Quarantine-free travel between New Zealand and Australia is restored with unforgettable scenes at airports on both sides of the Tasman. Photo / Michael Craig
Quarantine-free travel between New Zealand and Australia is restored with unforgettable scenes at airports on both sides of the Tasman. Photo / Michael Craig
Editorial
EDITORIAL
The transtasman bubble revealed in emotional pictures and words this week how deep our relationship runs with Australia.
Families and friends sobbed with joy in each others' arms at airports from Wellington to Melbourne, from Auckland to Sydney. It seems everyone knows someone who is winging across to renewties after 12 months of forced estrangement.
We often evoke the shared blood spilled at Anzac Cove - the site of World War I landing of the Australasian troops on April 25, 1915 - as the origin of our shared destiny. But it fathoms much deeper as author and historian Nigel Robson found, with troops rubbing shoulders in conflicts stretching back 122 years to the South African War.

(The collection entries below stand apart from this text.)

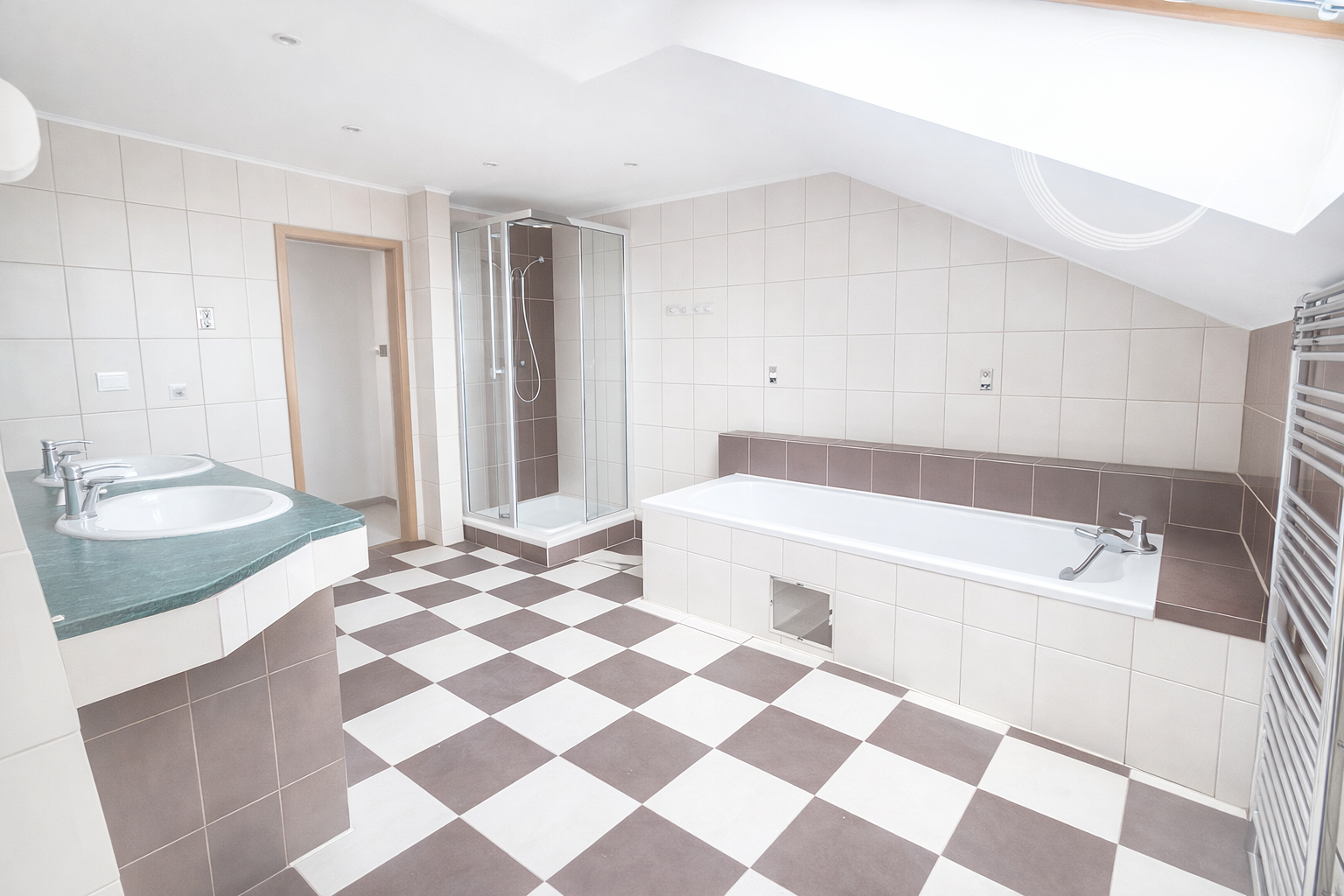 • štandardné vybavenie kúpeľne: vaňa, sprchový kút, umývadlo, obklady
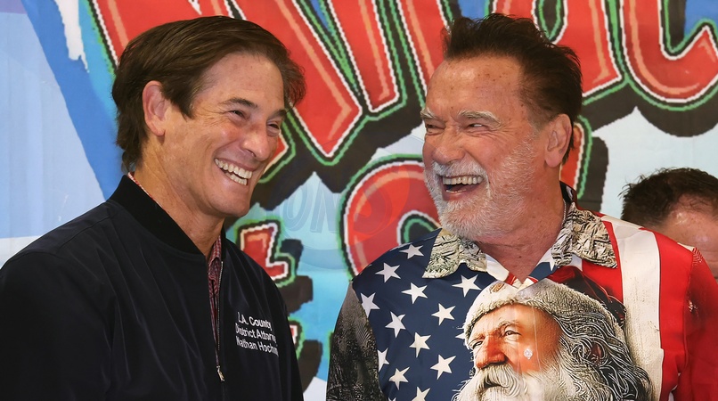 13 December 2025 . Los Angeles, California - District Attorney Nathan Hochman, Arnold Schwarzenegger, Sugar Ray Leonard, At THE 44th Annual "Miracle on 1st Street” Christmas Toy Giveaway held at Hollenbeck Youth Center in Los Angeles., Credit:Sadou Faye / Avalon
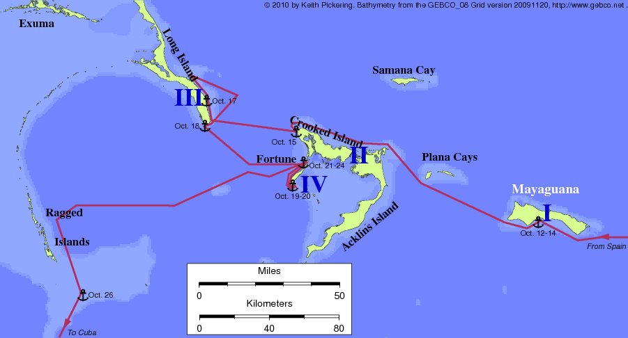 Mayaguana landfall by simply using Varnhagen's route from Mayaguana to
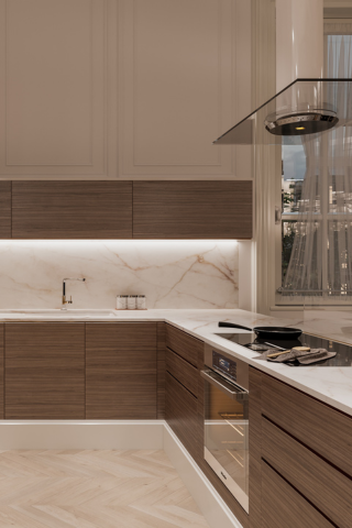 Symbole d’élégance, le marbre reste incontournable. En crédence ou en plan de travail, il habille la cuisine avec caractère et sublime immédiatement l’espace.
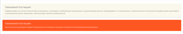 В заявке, созданной на закупку, требующую наличие лицензии, Система отображает информационное уведомление: «Данная закупка проводится среди потенциальных поставщиков, имеющих лицензию и/или разрешительный документ» (Рисунок 1).
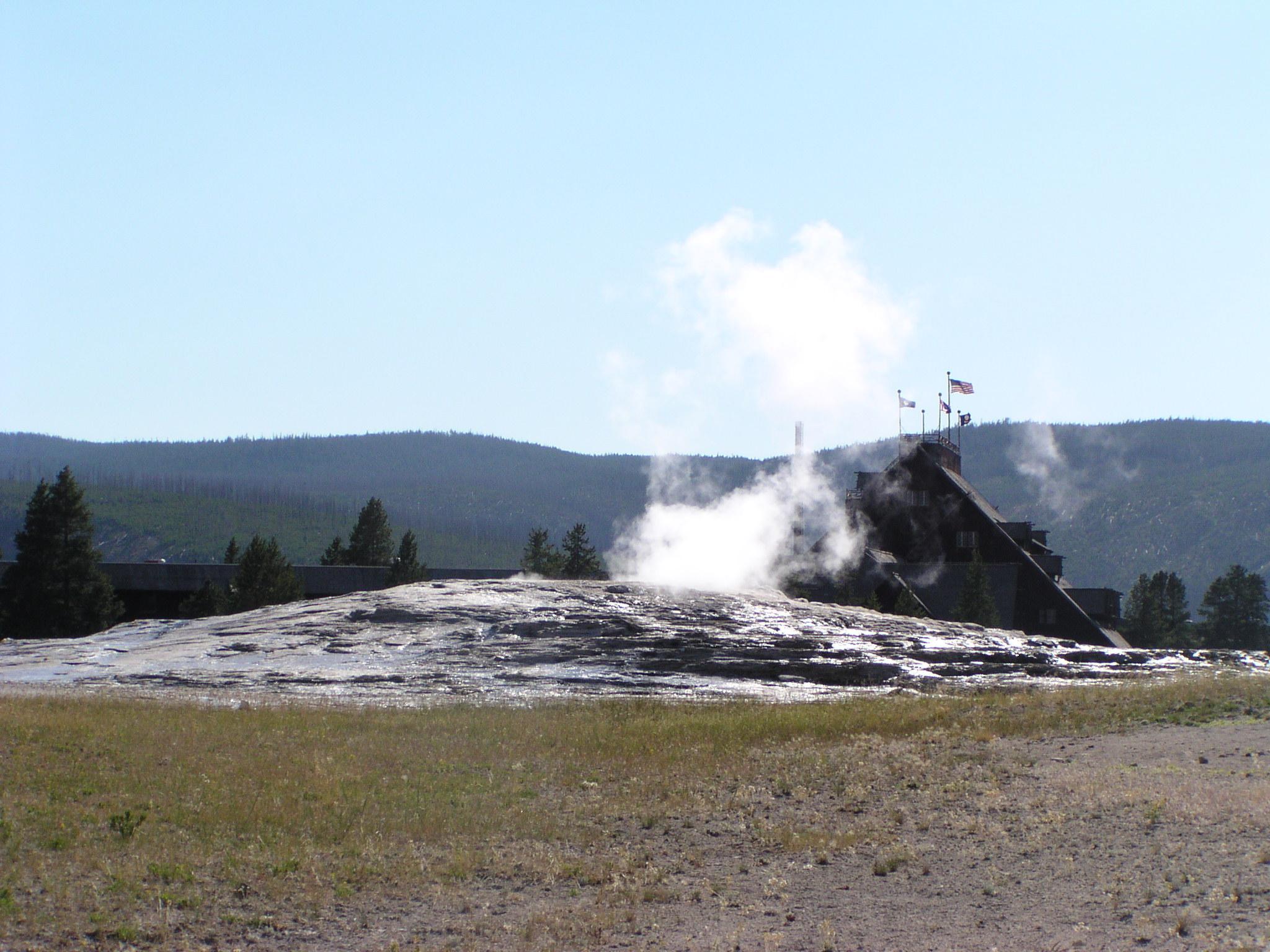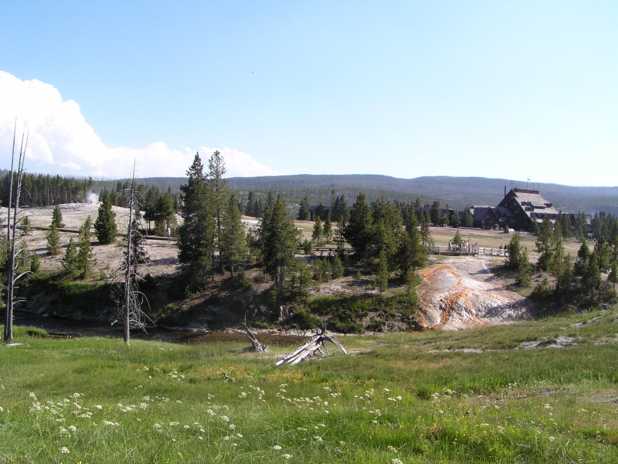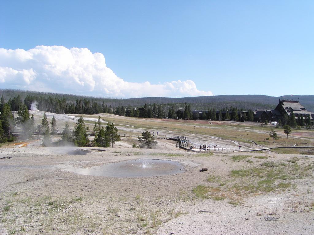 Old Faithful and the Old Faithful Inn from even further along Geyser Hill.

As with all relationships, there are rocky patches. Five Eyes is strained as our taniwha dances with a dragon while the kangaroo, eagle, beaver and lion look on in resentment; we continue to be vexed by the 501 deportees, hardened criminals who are not products of Aotearoa; our trade relationship has struggled, and we continue to bicker beyond goodheartedly about pavlova and Crowded House.
But at the end of the day, our journeys have often been shared as outlanders from a small corner of the world. We are stronger than the sum of the two when set against a common foe.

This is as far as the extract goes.